In his presentation, Edelman said that an evolutionary process also requires some system for amplifying the best adaptations in future generations. Natural selection is the most famous of the amplification systems, but Deacon pointed out others. In fact, Deacon said, evolution's codiscoverer, Alfred Wallace, eventually came to trouble because he focused only on natural selection, which cannot account for everything observed in biology.

Darwin was more open to the existence of “several powers” of life and also their amplification. As life forms become more complex, the amplification of traits becomes more varied. In addition to natural selection there is sexual selection, or genes might accidentally double and the second version will go off in a new path. In rich ecosystems, organisms can coevolve. Thus, not just the evolution of organisms but the means of amplification also grow more varied.

This focus on evolutionary dynamism produced the evening's second theme—biology's break with the Newtonian logic that defined all science at the time of The Origin's publication. There are now two ways to think about natural processes: An investigator can use either Newtonian (computational) logic or Darwinian (evolutionary) dynamics. Computational logic is predictable and repeatable because it relies on established rules, relationships, and categories. Evolutionary dynamics rely on none of those things, and its results are not as predictable or repeatable.

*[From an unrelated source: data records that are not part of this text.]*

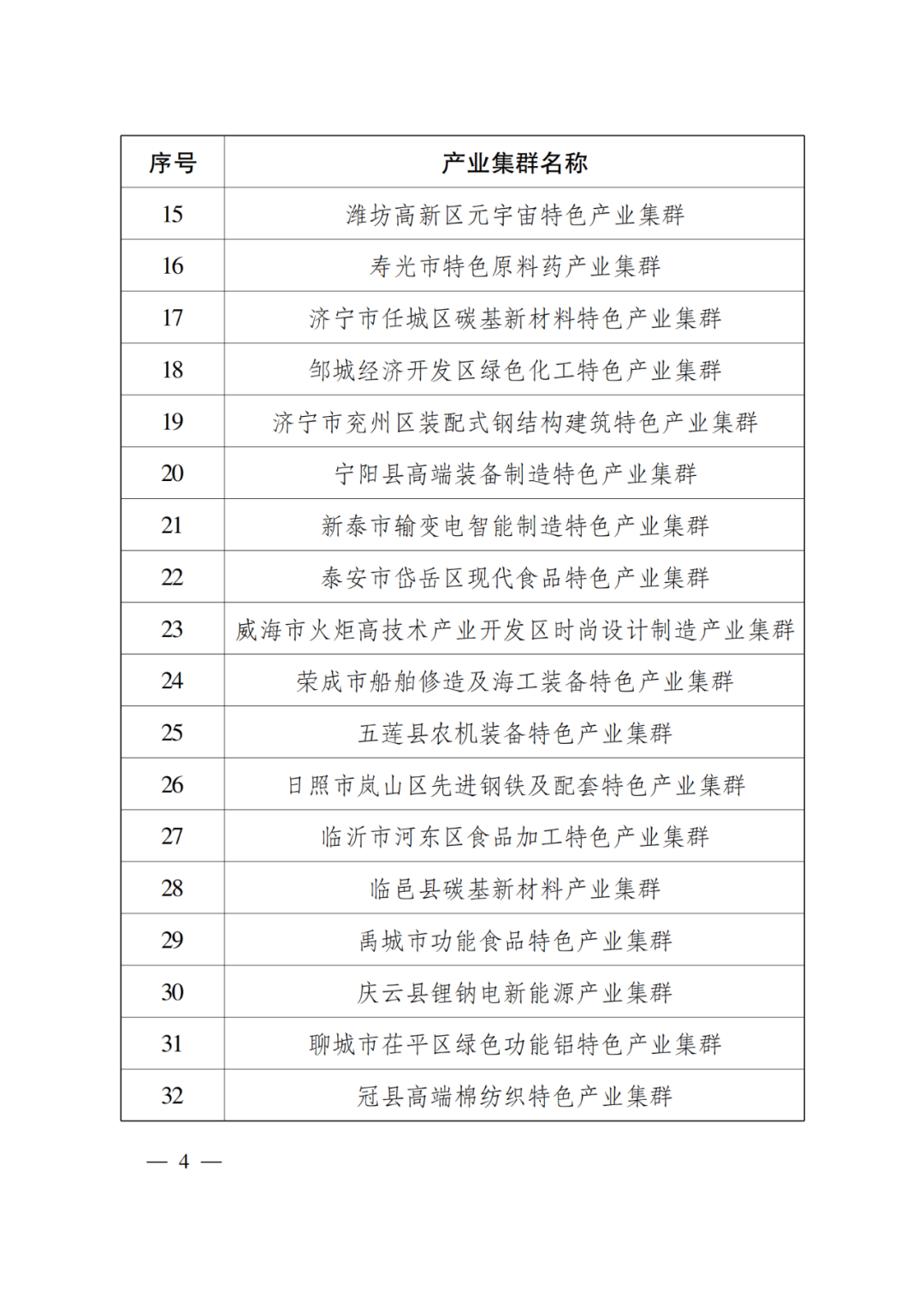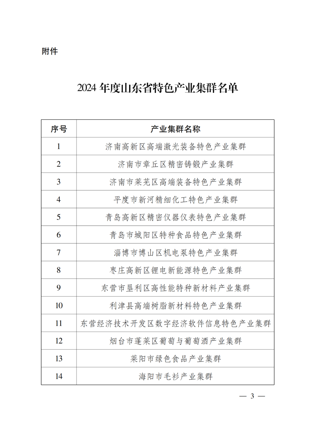 根据《促进中小企业特色产业集群发展暂行办法》(工信部企业〔2022〕119号)和《山东省特色产业集群管理办法》(鲁工信发〔2020〕5号),省工业和信息化厅组织开展了2024年度山东省特色产业集群培育认定工作。经集群自愿申报、各市推荐、专家评审和网上公示等程序,确定济南高新区高端激光装备特色产业集群等36家集群为2024年度山东省特色产业集群,现将名单予以公布。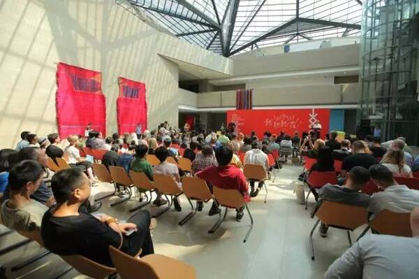刘潇代表策展团队在开幕式上致辞,她从策展人的角度讲述了策展过程中的心路历程。她说,以“织”为核心的感受方式、思维方式、创作方法是策展团队一直希望传递的“织物式的”“如织那般的”艺术的工作。带着这样的思路,团队去到浙江的丝绸产业中间,服装产业之间,走进竹编小镇安吉、诸暨的袜业小镇大唐、曾经杭州最大的纺织厂杭二棉,这些就在我们周围的编织着的地方,为展览提供了充足的背景和养分。生活的织,产业的织,历史的编织,未来的编织,都是共同织造“我织我在”这个柔软的现场的要素。在过去的一个月的展览中,看到了和体会到了纤维艺术展是一个大众的十分喜爱的专业展览,相信纤维艺术能够为大众提供一个专业和学院的柔软的精神品质和心灵空间。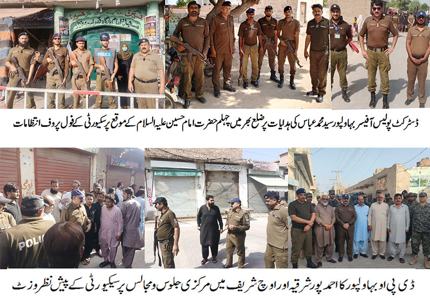 ڈسٹر کٹ پولیس آفیسر بہاولپور سید محمد عباس کی ہدایات پر ضلع بھر میں چہلم حضرت امام حسین علیہ السلام کے موقع پر سکیورٹی کے فول پروف انتظامات، ڈی پی او نے احمد پور شرقیہ اور اوچ شریف میں مرکزی جلوس و مجالس پر سیکیورٹی کے پیش نظر وزٹ کیا اور مناسب ہدایات جاری کیں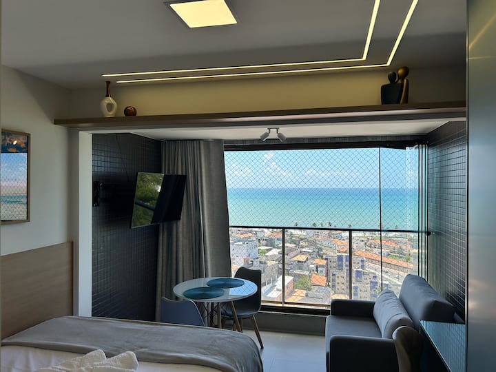 דירת סטודיו בבניין מודרני, נוף ים נהדר למרפסת ומטבח מלא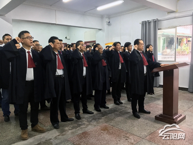 云陽網(wǎng)訊(記者 劉興敏)“我志愿成為一名中華人民共和國執(zhí)業(yè)律師……”12月2日,我縣律聯(lián)辦副主任李欽白左手撫按《中華人民共和國憲法》,帶領(lǐng)50余名執(zhí)業(yè)律師穿著整齊的出庭服裝,帶著徽章,在國旗下莊嚴(yán)宣誓。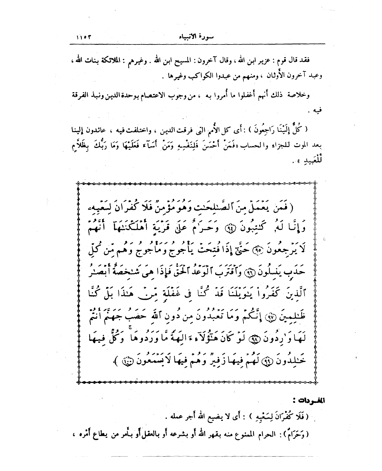 {فَمَنْ يَعْمَلْ مِنَ الصَّالِحَاتِ وَهُوَ مُؤْمِنٌ فَلَا كُفْرَانَ لِسَعْيِهِ وَإِنَّا لَهُ كَاتِبُونَ (94) وَحَرَامٌ عَلَى قَرْيَةٍ أَهْلَكْنَاهَا أَنَّهُمْ لَا يَرْجِعُونَ (95) حَتَّى إِذَا فُتِحَتْ يَأْجُوجُ وَمَأْجُوجُ وَهُمْ مِنْ كُلِّ حَدَبٍ يَنْسِلُونَ (96) وَاقْتَرَبَ الْوَعْدُ الْحَقُّ فَإِذَا هِيَ شَاخِصَةٌ أَبْصَارُ الَّذِينَ كَفَرُوا يَا وَيْلَنَا قَدْ كُنَّا فِي غَفْلَةٍ مِنْ هَذَا بَلْ كُنَّا ظَالِمِينَ (97) إِنَّكُمْ وَمَا تَعْبُدُونَ مِنْ دُونِ اللَّهِ حَصَبُ جَهَنَّمَ أَنْتُمْ لَهَا وَارِدُونَ (98) لَوْ كَانَ هَؤُلَاءِ آلِهَةً مَا وَرَدُوهَا وَكُلٌّ فِيهَا خَالِدُونَ (99) لَهُمْ فِيهَا زَفِيرٌ وَهُمْ فِيهَا لَا يَسْمَعُونَ (100)}

Edelman entertained the audience with an example of nonrepeatability by showing a video of a robot that had evolved an ability to navigate in a room and stand in one place. The robot had developed a “superstition,” as Edelman called it, always bouncing against one point in the room before going to its standing place. A second robot had also evolved the ability to move about the room, but it had not included the superstitious bounce in its repertoire.

The evening's take-home message was the idea that evolutionary processes apply in many domains besides the natural history of life on Earth. As Deacon answered the last question from the audience, he insisted that more and more subjects will be incorporated into evolutionary “space.”